Ниже, — под кремово-желтым бордюром из морд виторогих овнов — свет; за окнами — май: из фиалок, лазоревых цветиков, листьев и роз; это — Ницца; сюда забегают все франтики — быстро продернуть петлицу: гвоздикой, ромашкою; выбежать, перебежать мостовую, ныряя меж кубами черных карет, раскатаев, ландо — к перекрестку.
А рядом — витрина, где тонкая ткань: паутина из кружев.
Прошли две с картонками; лизанорозовый там лицеистик протиснулся (видно, страдал он зазнобом): такой тонконогий! Какая-то там поглядела; потом — повернулась; уж кто-то — стоял: пошли вместе; сквозь завеси кружев прояснилось личико, все из кольдкрема; два глаза, совсем неземных, поднялись на гусара, едва волочащего саблю, — в рейтузах: небесного цвета; известная дамочка: Зобикова миллионерша — в ротонде; коль скинет, — останется в кружеве: с вырезом; а от нее на аршин — запах тонкий; гусар же…
И облачко вьюги на них набежало: и — пырснуло все порошицей.

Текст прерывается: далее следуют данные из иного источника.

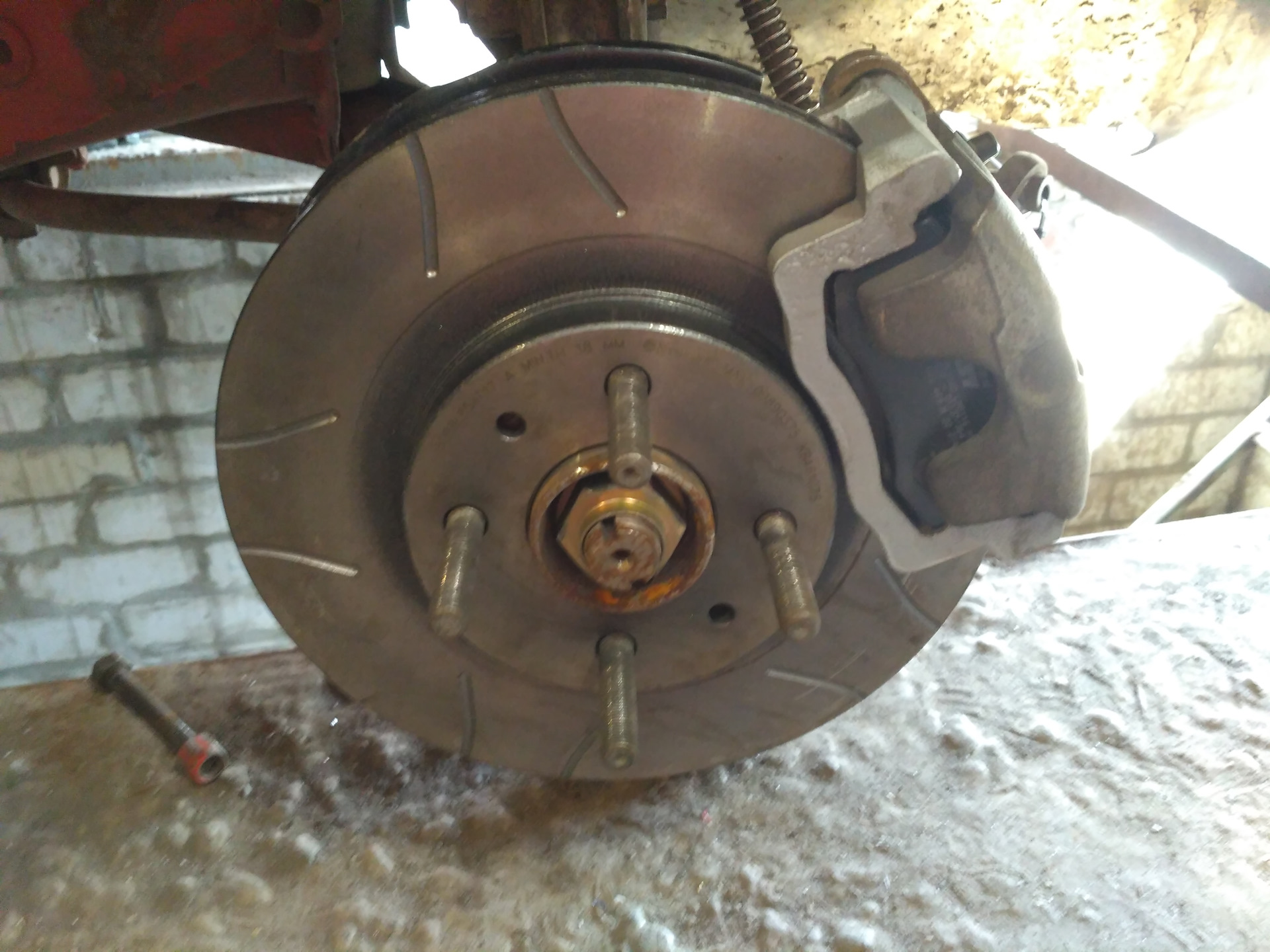 Планшайбы под ЗДТ можно установить так, что суппорт может быть как "сзади" диска и "спереди". Видел, что большинство ставит сзади. Я установил спереди, это должно уменьшить неподресоренные массы, поскольку суппорта в таком случае находяся ближе к оси вращения задней балки.
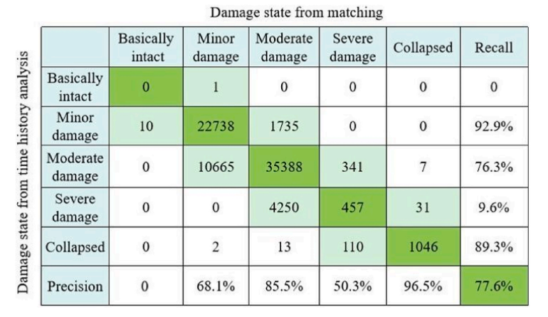 采用基于多波拼接法的建筑群地震災害情景快速匹配方法對位于我國西部設防烈度8度區的某城市進行了建筑群震害的快速構建。該城市模型包含76794棟建筑。選擇PGA為341cm/s2的El-centro波,并考慮區域內的地震衰減關系。區域內地震動輸入的PGA分布如圖1。分別采用時程分析和基于多波拼接法的震害情景快速匹配方法獲取結構地震損傷指數,分別如圖2和圖3所示。可以看出,結構損傷程度的分布相近。損傷指數平均匹配誤差為15.7%,匹配誤差小于30%的結構占比為91.4%。損傷狀態的混淆矩陣如圖4,損傷狀態匹配一致的概率為77.7%。相比時程分析,本文方法所需的時間減少約90%。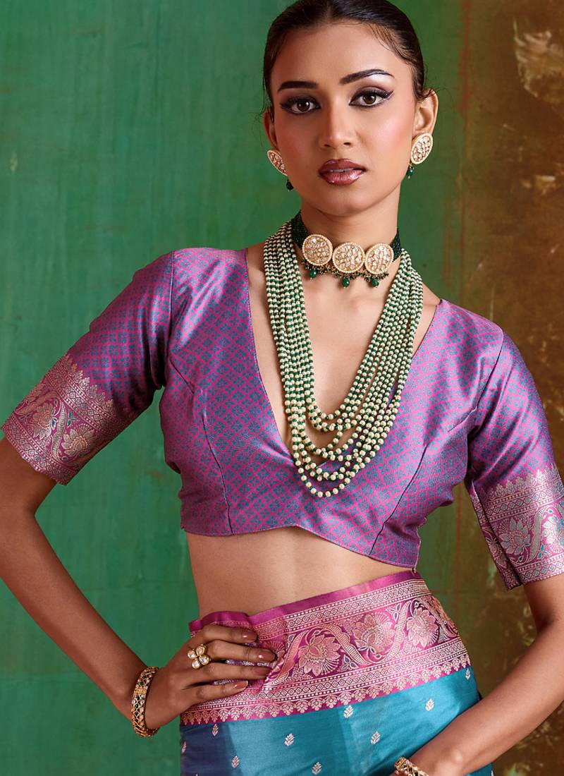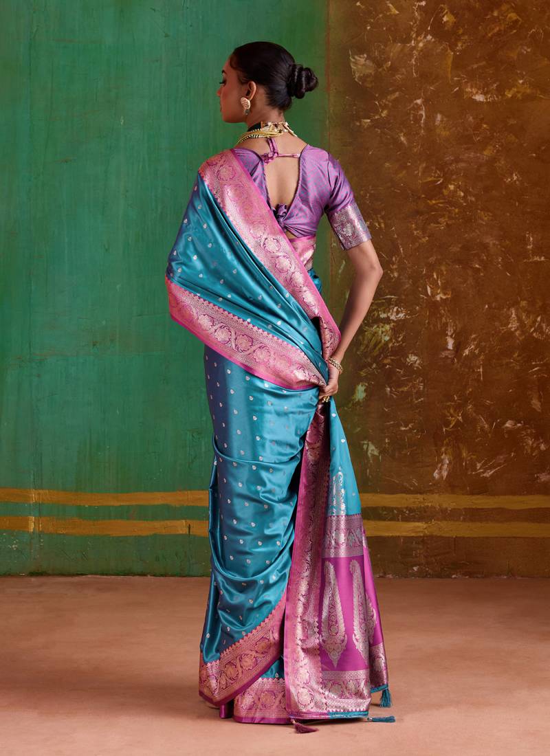 | Product Name | Sky Blue Satin Handloom Weaving Silk With Contrast Border And Pallu | |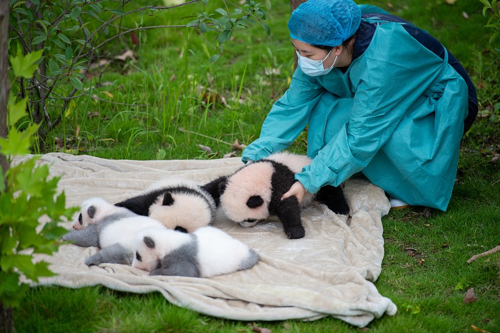 2025年9月6日,成都大熊猫繁育研究基地,今年出生的熊猫幼崽在饲养员精心照料下公开亮相。熊猫基地的露天活动场,奶妈怀抱毛茸茸的熊猫宝宝,轻轻将其放置在铺好软垫上。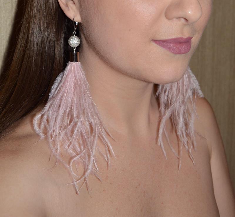 Пудрово-рожеві сережки з натурального пір'я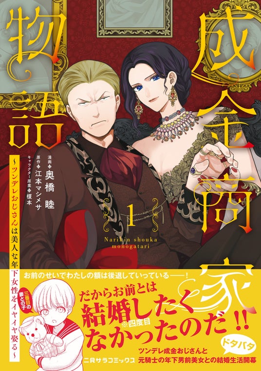SNSやレビューサイトで高評価を集めた江本マシメサ先生の人気原作『成金商家物語 ~ツンデレおじさんは美人な年下女性をイヤイヤ娶る~』が、ついにコミック単行本として、二見書房「二見サラコミックス」より刊行決定!
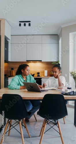 children, homework, girl, studying, typing, vertical, laptop, mother, table, use, help, texting, african ethnicity, home interior, learning, people, education, female, computer, adolescence, computer monitor, making, modern, skill, speech, student, technology, tutor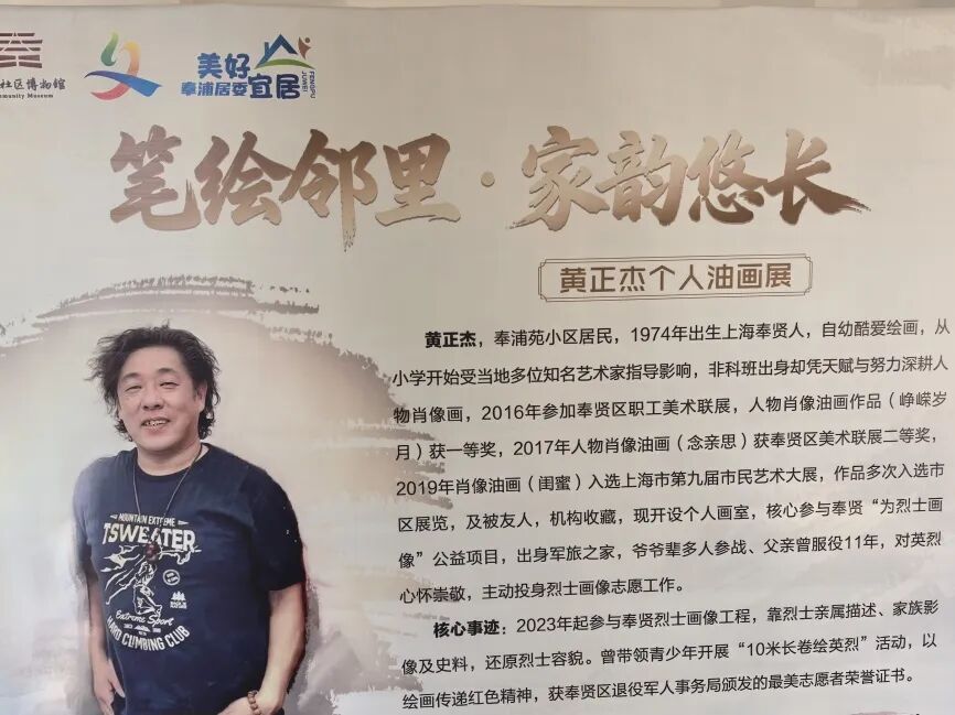 展 览 名 称 笔绘邻里·家韵悠长 黄正杰个人油画展 展 览 时 间 2025年12月15日开展 展 览 地 点 奉浦苑社区博物馆 上海市奉贤区奉浦街道国顺路218号 (奉浦苑小区架空层) 本期展览由奉浦苑居民、社区青年艺术家黄正杰匠心呈现,用细腻笔触定格小区居民的鲜活模样,用艺术语言讲述“家”的故事,更将新时代文明实践的内涵融入画作,让邻里温情与文明新风在社区间流转。 个人油画展 黄正杰,奉浦苑小区居民,1974年出生于上海奉贤,自幼酷爱绘画,从小学开始受当地多位知名艺术家指导影响,非科班出身却凭天赋与努力深耕人物肖像画,2016年参加奉贤区职工美术联展,人物肖像油画作品《峥嵘岁月》获一等奖,2017年人物肖像油画《念亲思》获奉贤区美术联展二等奖,2019年肖像油画《闺蜜》入选上海市第九届市民艺术大展,作品多次入选市区展览,以及被友人,机构收藏,现开设个人画室,核心参与奉贤“为烈士画像”公益项目,出身军旅之家,爷爷辈多人参战、父亲曾服役11年,对英烈心怀崇敬,主动投身烈士画像志愿工作。 核心事迹 2023年起参与奉贤烈士画像工程,靠烈士亲属描述、家族影像及史料,还原烈士容貌。曾带领青少年开展“10米长卷绘英烈”活动,以绘画传递红色精神,获奉贤区退役军人事务局颁发的最美志愿者荣誉证书。 展览亮点 本期展览的作品取材于社区里的生活日常,是新时代文明实践在社区落地生根的生动写照。黄正杰以独特的艺术视角,将邻里相处的温情、日常时光的暖意绘于画布之上。画面里既有夫妻相守的温情、一家人齐聚的欢愉,也有居民日常的鲜活模样、儿时记忆的珍贵瞬间。每一笔色彩都饱含对家园的热爱,每一幅画作都凝聚着对文明新风的赞颂,让“家”的温暖与文明的力量在艺术中交融共生。 展品预览 奉浦苑社区博物馆里,讲述着奉浦苑的故事,讲述着奉浦苑居民的故事。此次展览既是青年艺术家个人才华的展示,更是社区文化建设与新时代文明实践深度融合的生动实践。通过艺术作品搭建邻里交流的桥梁,进一步凝聚社区向心力,彰显党建引领下社区治理的人文温度。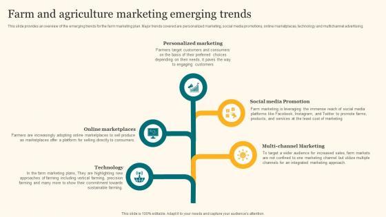 This slide provides an overview of the emerging trends for the farm marketing plan. Major trends covered are personalized marketing, social media promotions, online marketplaces, technology and multichannel advertising. Coming up with a presentation necessitates that the majority of the effort goes into the content and the message you intend to convey. The visuals of a PowerPoint presentation can only be effective if it supplements and supports the story that is being told. Keeping this in mind our experts created Farm And Agriculture Marketing Emerging Trends Agricultural Product Promotion Topics Pdf to reduce the time that goes into designing the presentation. This way, you can concentrate on the message while our designers take care of providing you with the right template for the situation. This slide provides an overview of the emerging trends for the farm marketing plan. Major trends covered are personalized marketing, social media promotions, online marketplaces, technology and multichannel advertising.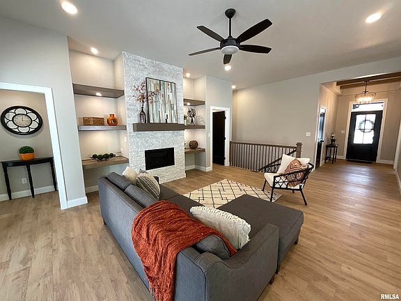 Don't miss a chance to experience the service & quality of being part of the Brooklynn Homes family of customers. Just WOW! Open high ceiling concept enhances every feature this home has. 10-0 high ceilings through-out entire main body, foyer, & primary suite. Living space has signature Brooklynn homes built-ins & ceiling beams blended w/overall interior design concepts of Designer Jamie Llosa which tie this home together in spectacular fashion. Living rm has full stone-faced FP which presents rustic feel softened by floating shelves flanking each side w/puck lights on each shelf to show off the collection of family photos/ your latest art collection. Kitchen has a nice pantry, island with breakfast bar and eat in dining area. Backsplash is a perfect touch against the gorgeous quartz tops. Primary bedroom boasts a trayed ceiling. Full tiled primary shower walls are showcased w/a glass shower enclosure and double bowl sinks. Go from the primary bath straight into your walk-in closet and from there through sliding doors into the laundry room with access to a main hallway. Enjoy grilling on the covered 13.9x9 porch out back.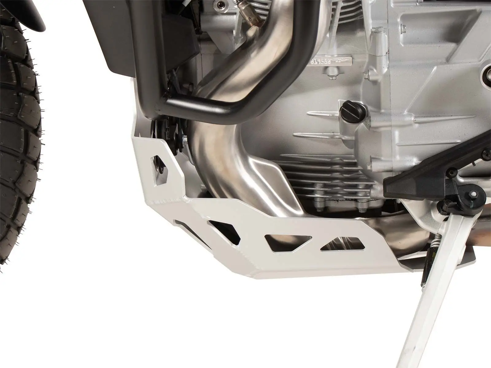 Protect the underside of your adventure bike with a Hepco & Becker Skid Plate. Built from 3–4 mm thick aluminum that’s bent and welded for strength, these skid plates shield the bottom of the engine, headers, radiators, and other vulnerable components from rocks, debris, and hard impacts. Perfect for off-road riding or even hopping curbs, they deliver serious protection where you need it most.

Рванул холодильник, чтоб все ожелезить; бамбанили крышами; заермолаила вьюга в трубе; забросало в ресницы визжащими стаями мошек; за окнами — все самоцветно: свет ртутный, свет синий, свет белый!
Свет розовый!
Там из ничто ослепительно вспыхнула точка; другая и третья; лилося дорожкой, слагаяся в буквы: «Коньяк» — ярко-красный; и «Шустовы» — белое; порх: снова тьма, и — опять: без конца, без начала!
Реклама играла.
Там пять этажей бледно-розовых приторно, тошно слепились орнаментом, точно сладчайшими кремами торта; а верх убегал в темноту ниспадающей ночи лиловой (нет, — черно-лиловой); внизу — просияло; за этим окном — блеск граненых флаконов; за тем — углублялись пространства: гардины, драпри, брокатели; оливковый штоф, парчовые полоски обой, этажерки, статуйки и мебели разных набивок, — как будто таимые комнаты космоса бросились в улицу: с ясным приказчиком в четком пролизе пробора, который, пурпурясь устами, чуть-чуть протянувшись, с волнистой бородкой стоял неподвижно перед дамочкой, вытянув ей брокатели; их щупала дама, склонясь завитою головкой, сквозною вуалью: блондиночка!
Автомобили неслись.
И казались чудовищными головами рычащих и светом оскаленных мопсов: летели оттуда, где розблески светов, где издали взвизгивали трамваи, поплескивая то лазоревым, то фиолетовым.
Белый Кузнецкий!
11
И нет!
Эдуард Эдуардович в ней разыгрался источником всех совершенств; и, конечно, Лизаша бродила душою по мигам но переполненной жизни; следила за мигами жизни отца, строя в мигах тропу для себя; но тропа — обрывалась.: стояла над бездной. Вперялася в бездну.
Пусть был коммерсантом; ей грезился Сольнес, строитель прекраснейшей жизни (Лизаша в те дни увлекалася Ибсеном); может быть, виделся Боркман[34]; а может быть, даже…; но тут — разверзалась невнятица; делалось ясно, что что-то — не так: не по Ибсену. Даже — не Боркман!